(Photo: SHUTTER DIN, Adobe Stock)
From trade and deregulation to alternative land uses and cash rent prices, ag economists have no shortage of issues on their radar for 2025.
This past year was definitely full of surprises, but there were also happenings in agriculture that economists warned about at the end of 2023.
The bleak outlook for commodity prices, along with elevated interest rates, created a downturn in the ag economy, which is something many economists warned would happen. It’s the speed of which margins crumbled that might have been the bigger surprise.
The latest Ag Economists’ Monthly Monitor asked economists if the U.S. was either in a recession or on the brink of one. The majority of ag economists say U.S. agriculture is ending the year in a recession.
- 56% of ag economists responded by saying agriculture is currently in a recession, which is up from the 53% who responded that way in October.
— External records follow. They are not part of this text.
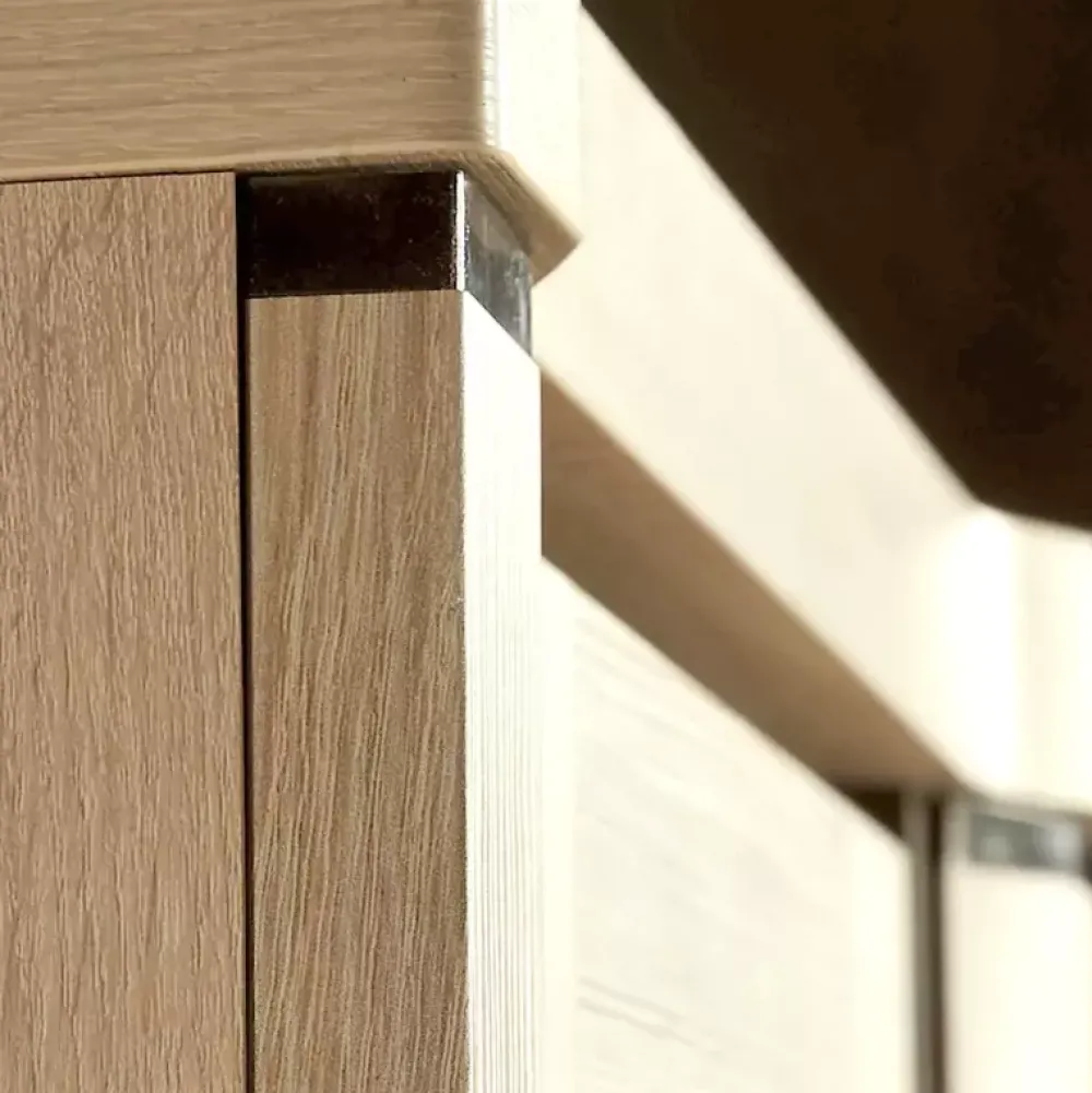 - Obrzeża komody zabezpieczono przed uszkodzeniami okleiną ABS.
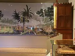 There has been significant interest in Les Sauvages throughout the twentieth and twenty-first centuries. Primarily, this was due to the acceptance of decorative arts as a high art form within art history. American scholar, interior designer and dealer Nancy McClelland was instrumental in reviving an engagement with the history of panoramic wallpapers and wrote extensively on Les Sauvages in the 1920s.[23] Commercial exhibitions of panoramic wallpapers by French dealer André Carlhian and books written by Henri Clouzot also enhanced critical engagement with Les Sauvages.[24] The wallpaper as an unusual art form was previously overlooked in academia and was not acquired by museums. The scholars of this time researched the context of production, biographical details of the makers and aesthetic features.[25] A prominent exhibition was held at the Musée des Arts décoratifs in Paris from 1990 to 1991 which sparked further interest in scenic wallpapers as a “social mirror” reflecting the world of early nineteenth century France.[26]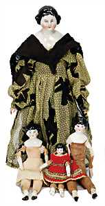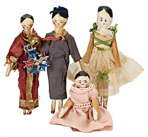 4 Teile Puppenstuben-Puppen, China Head, Brustblattköpfe, kl. Puppen mit Biskuit-Armen u. -Beinen, einfache Stoffkörper, 10-25 cm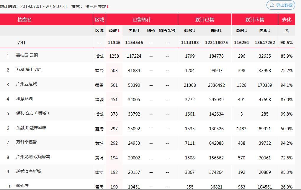 成交量方面,天河区的远洋天骄广场、南沙区的碧桂园星港国际和南沙区的南沙珠江湾分别位列前三位。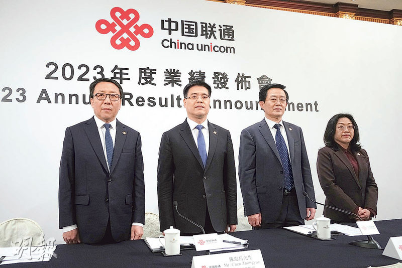 中聯通去年多賺12% 末期息增 派息比率增至55% CFO:今年不會低於去年水平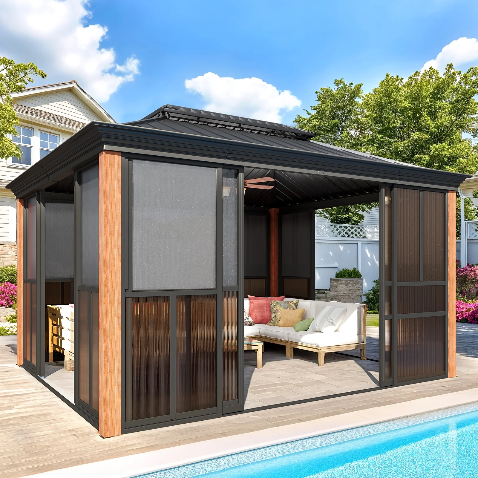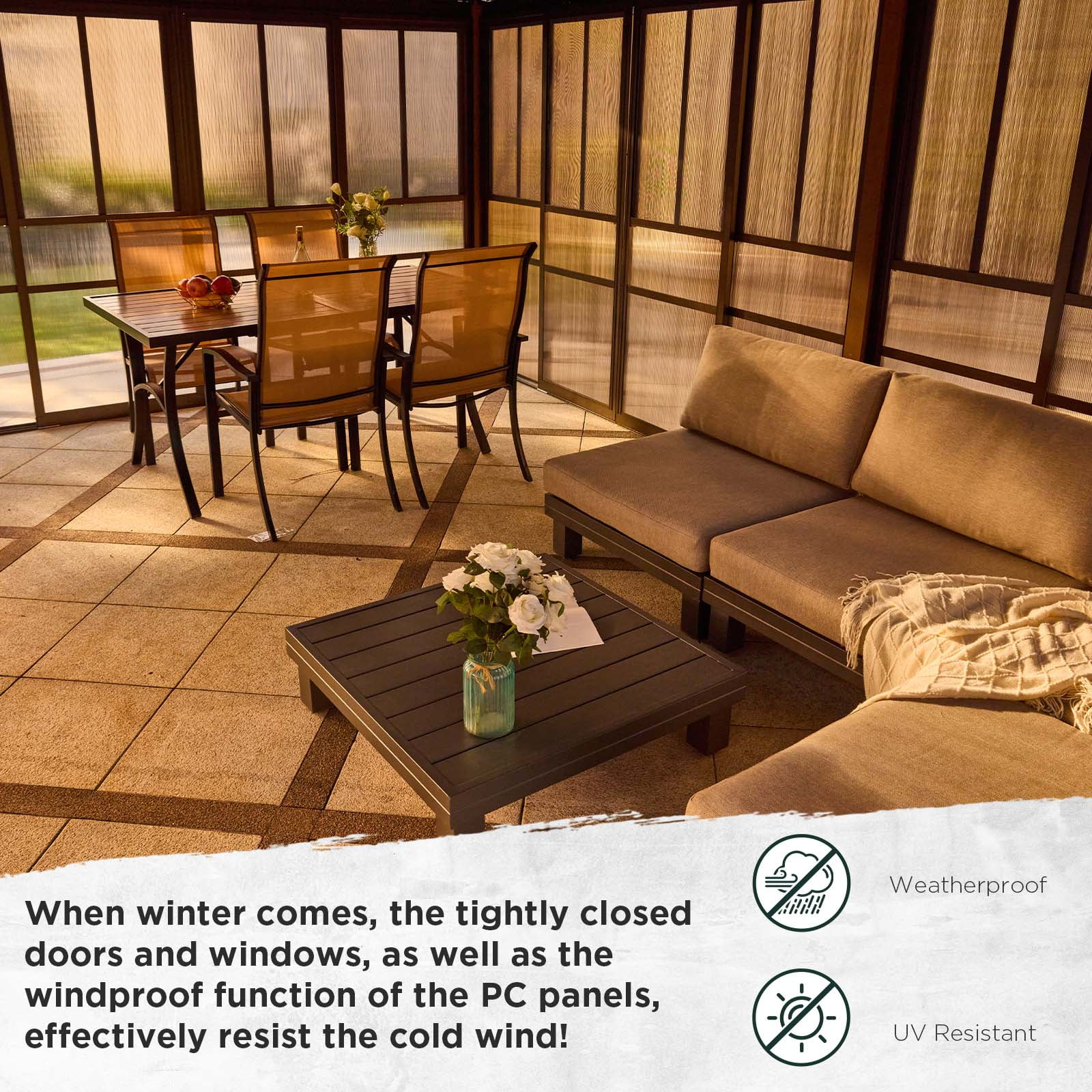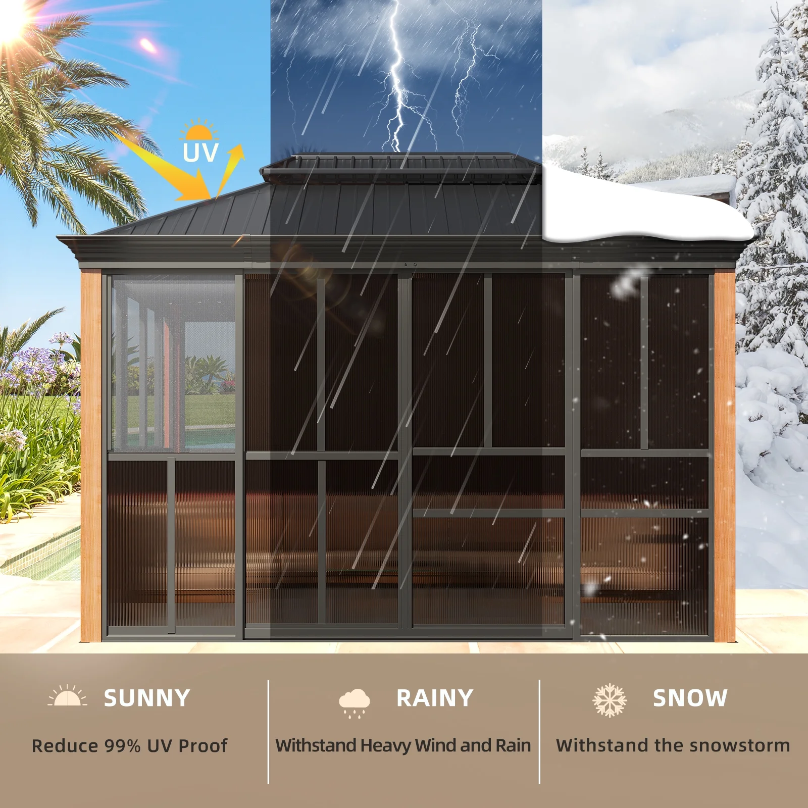 - 【Aesthetic and Durable�? Wood grain appearance enhances the beauty of the backyard sunroom; In addition, it is made of aluminum alloy with a unique aluminum frame, which also enhances wear and corrosion resistance.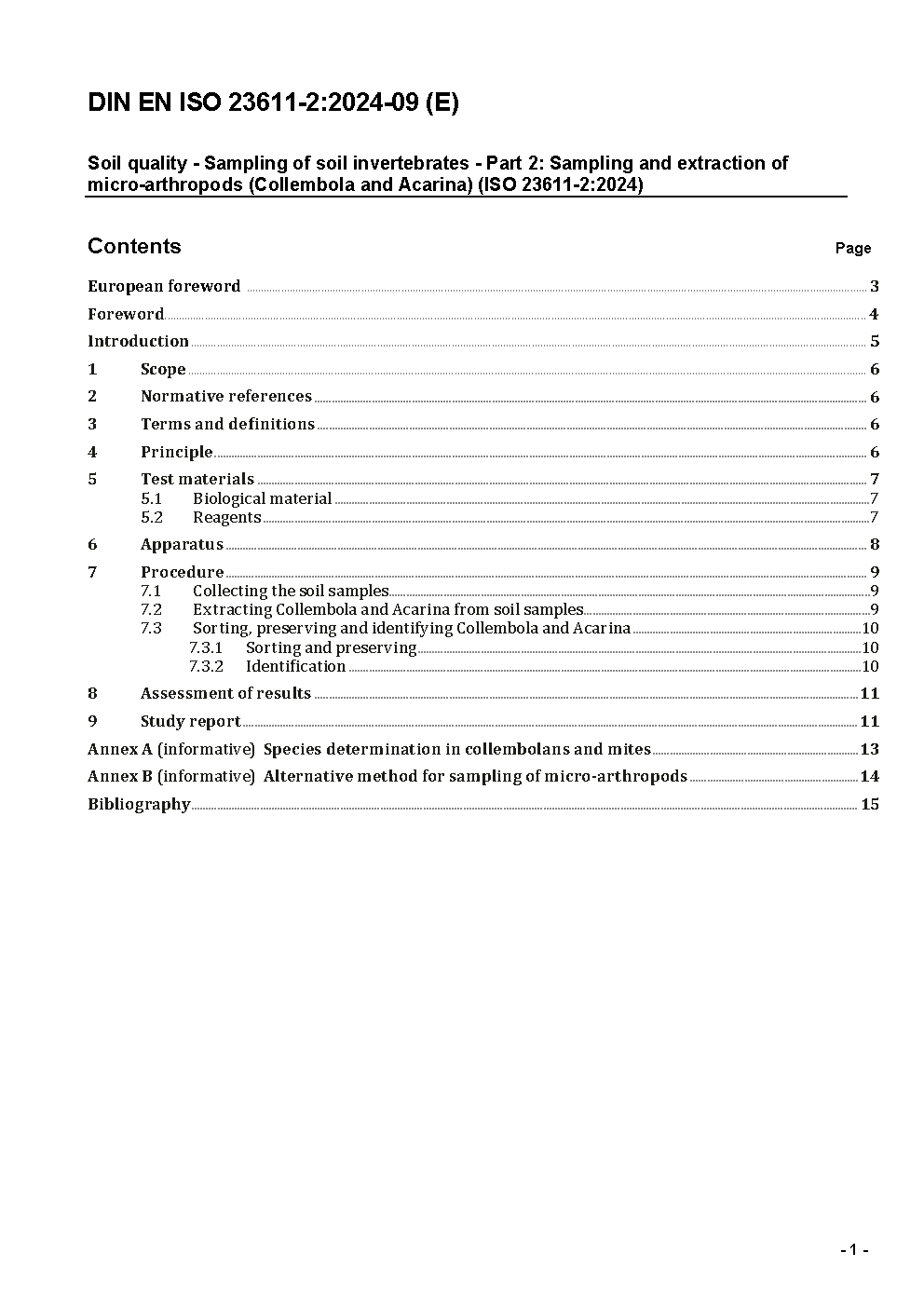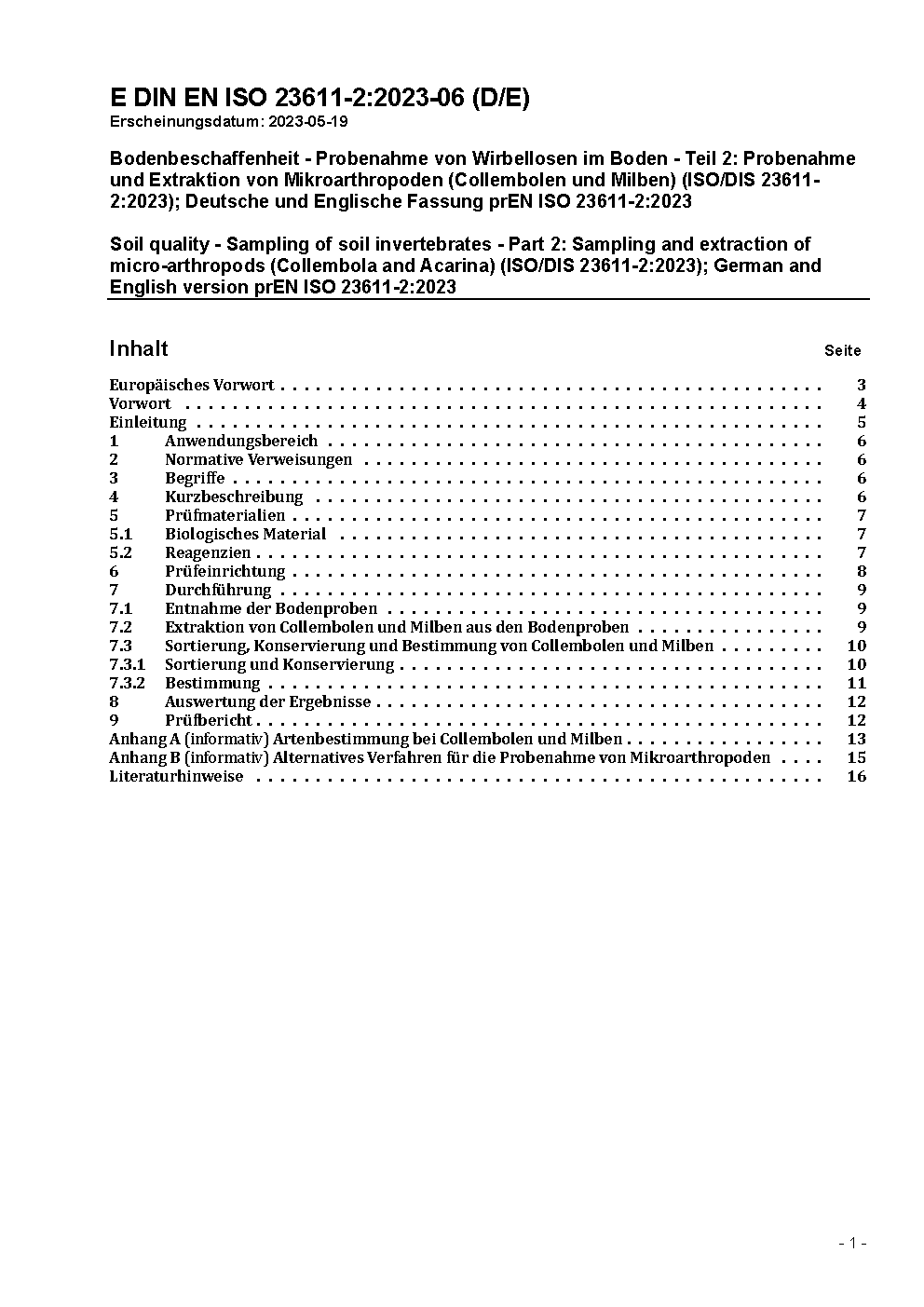 Bodenbeschaffenheit - Probenahme von Wirbellosen im Boden - Teil 2: Probenahme und Extraktion von Mikroarthropoden (Collembolen und Milben) (ISO/DIS 23611-2:2023); Deutsche und Englische Fassung prEN ISO 23611-2:2023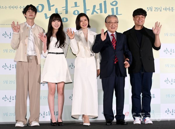19일 서울 CGV용산에서 열린 영화 ‘안녕하세요’ 시사회에서 배우 송재림, 김환희, 유선, 이순재, 차봉주 감독이 포토타임을 갖고 있다.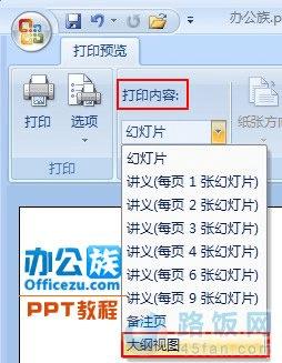 5、 进入打印预览功能后,在“打印内容”中选择“大纲视图”。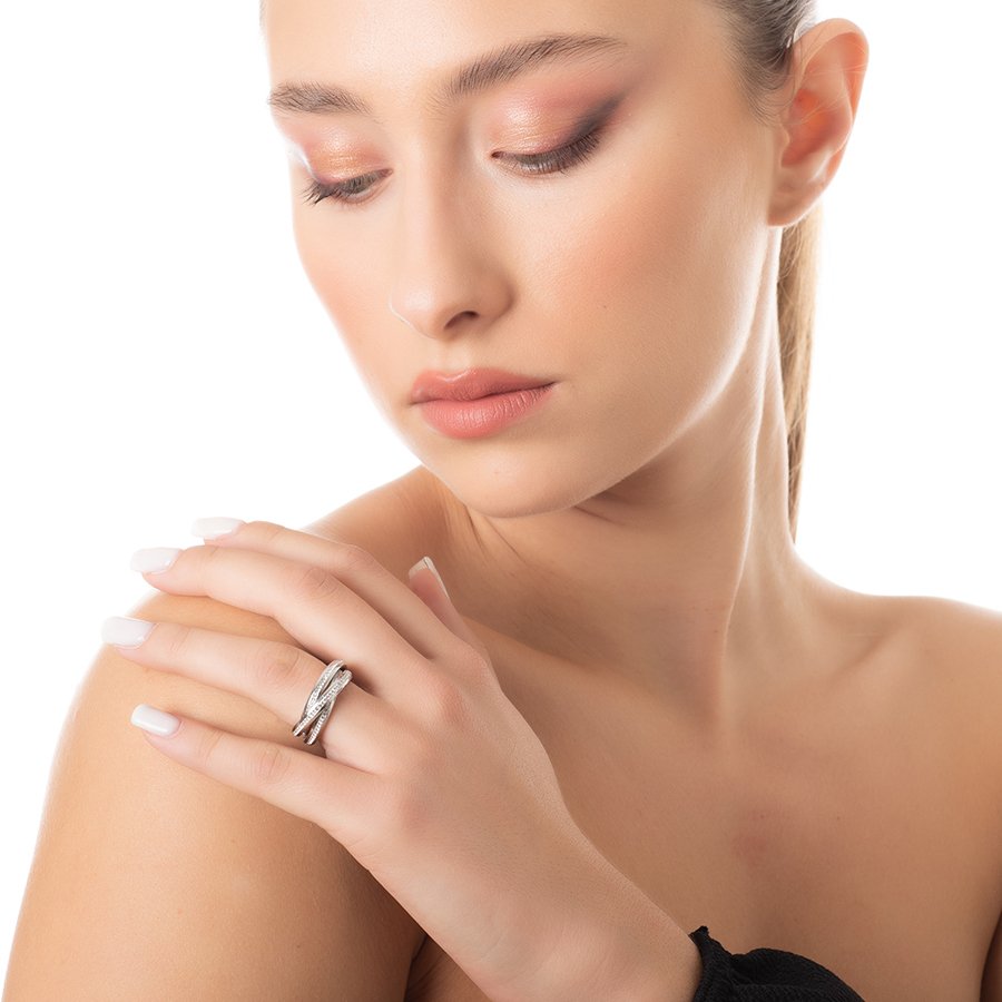Δαχτυλίδι ατσάλινο σε ροζ χρυσό τριπλό με πέτρα ζιργκόν
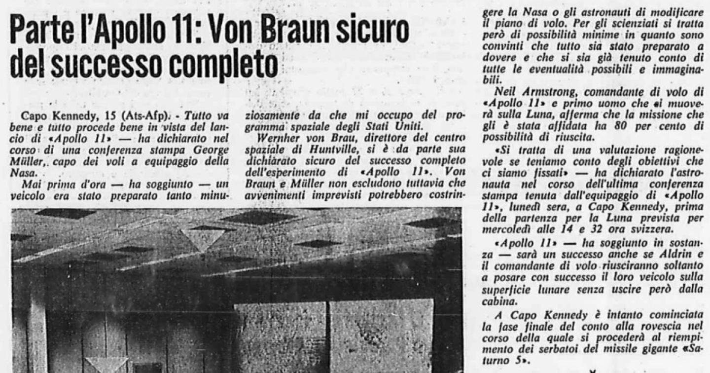 Wernher von Braun, direttore del centro spaziale di Huntville, si è da parte sua dichiarato sicuro del successo completo dell’esperimento di «Apollo 11». Von Braun e Müller non escludono tuttavia che avvenimenti imprevisti potrebbero costringere la Nasa o gli astronauti a modificare il piano di volo. Per gli scienziati si tratta però di possibilità minime in quanto sono convinti che tutto sia stato preparato a dovere e che si sia già tenuto conto di tutte le eventualità possibili e immaginabili.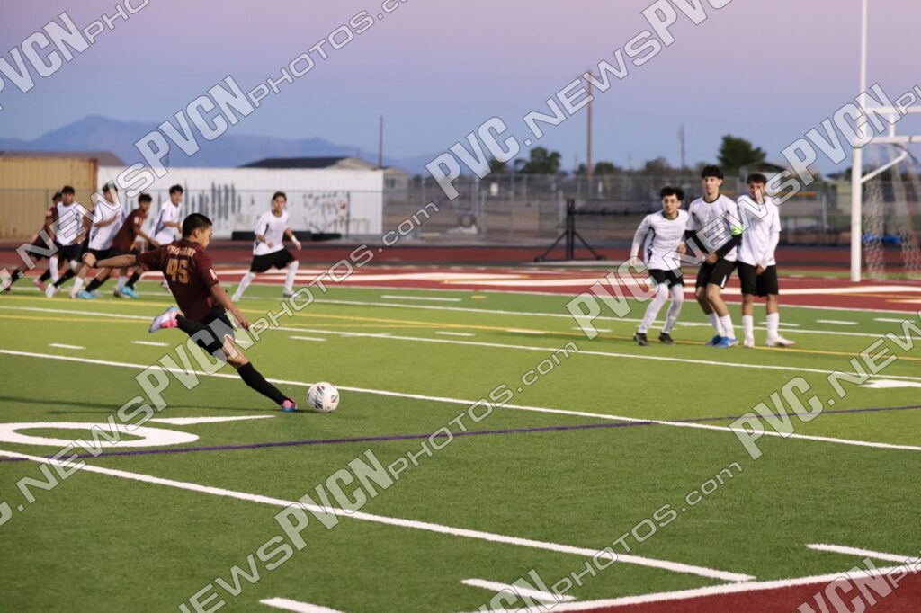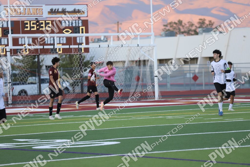 At the 9-minute mark, Berto Gonzalez-Gonzalez stepped up for the Trojans’ penalty kick and buried it into the back of the net to give Pahrump a 1–0 lead. The home crowd erupted as teammates celebrated the go-ahead goal. The Trojans nearly added another just before halftime when Adrian Dominguez-Leyva earned a penalty kick, but the shot was deflected high. Pahrump carried their 1–0 advantage into halftime after another defensive stop in the final two minutes.

- 81% of economists surveyed said the U.S ag economy is on the brink of a recession, which is a significant jump from the 56% of economists who responded that way in the October survey.
One occurrence that wasn’t on anyone’s radar in 2023: H5N1. What was first thought to be a mystery illness impacting dairy herds in Texas was later confirmed as Highly Pathogenic Avian Flu, the first time the disease was detected in mammals.
At the end of 2024, what are economists watching in 2025? In Farm Journal’s latest Ag Economists’ Monthly Monitor, we asked economists: “What’s the one factor impacting the ag economy that’s not being talked about or covered by the media enough right now?”
From trade to deregulation plus numerous unknowns in a new administration, economists have no shortage of issues they’re watching in the new year.
Here’s What Economists Are Saying:
- “The media seems consumed with the negatives of a Trump administration/Republican trifecta. It’s certainly good to be aware of the challenges with any political transition, but more forward thinking on what is positive, would be helpful: the outlook for taxes, biofuels policy, trade deals with agriculture included, deregulation all seem to be potential positives we could be talking about more.”
- “Prospective tariff war is being downplayed, despite published research measuring expected range of damage.”
- “Farmer attitudes toward alternative land use: CRP, solar and other forms to help diversify incomes.”
- “Policy uncertainty is high right now. Will tariffs be imposed and if so, what will be the reaction of other countries? Will the new Administration take regulatory actions that favor or hurt the biofuel industry? What will be the outcome of debates over tax and budgetary policy? Will economic assistance to the farm sector be approved during the lame duck session or in early 2025? What about a new farm bill? Many people are making assumptions about how these questions will be answered, but we don’t know.”
- “Farm income varies greatly by region. While we often focus on the Midwest and the financial health of that region, it is also important to notice that regions in the southern U.S. are really struggling.” It is also important to watch what production adjustments producers make to cope with today’s tighter operating margins?
- “Could federal budget cuts/austerity dramatically change/reduce the federal farm income safety net?”
- “Cash rent prices staying constant during a downturn in crop prices.”
- “Let’s be clear — the clean fuels tax credit goes to the fuel producer, not the farmer. It enables market access into the biofuels market for the farm economy, but the ability for the farm economy to capitalize upon it is hamstrung by credit levels that have incentivized large inflows of foreign feedstocks at the expense of literally homegrown feedstocks like SBO.”
- “The Brazil real is depreciating, which eventually leads to more U.S. competition.”
- “China, Europe, Mexico and others know what to expect out of Trump. They’ve seen it before. Everyone is discounting the possibility that Trump’s tariff threat could result in some pre-emptive trade agreements that benefit us here in the states. The U.S. is the biggest buyer of consumer goods in the world. They can’t afford to cut us off. Note that I said consumer goods, not commodities.”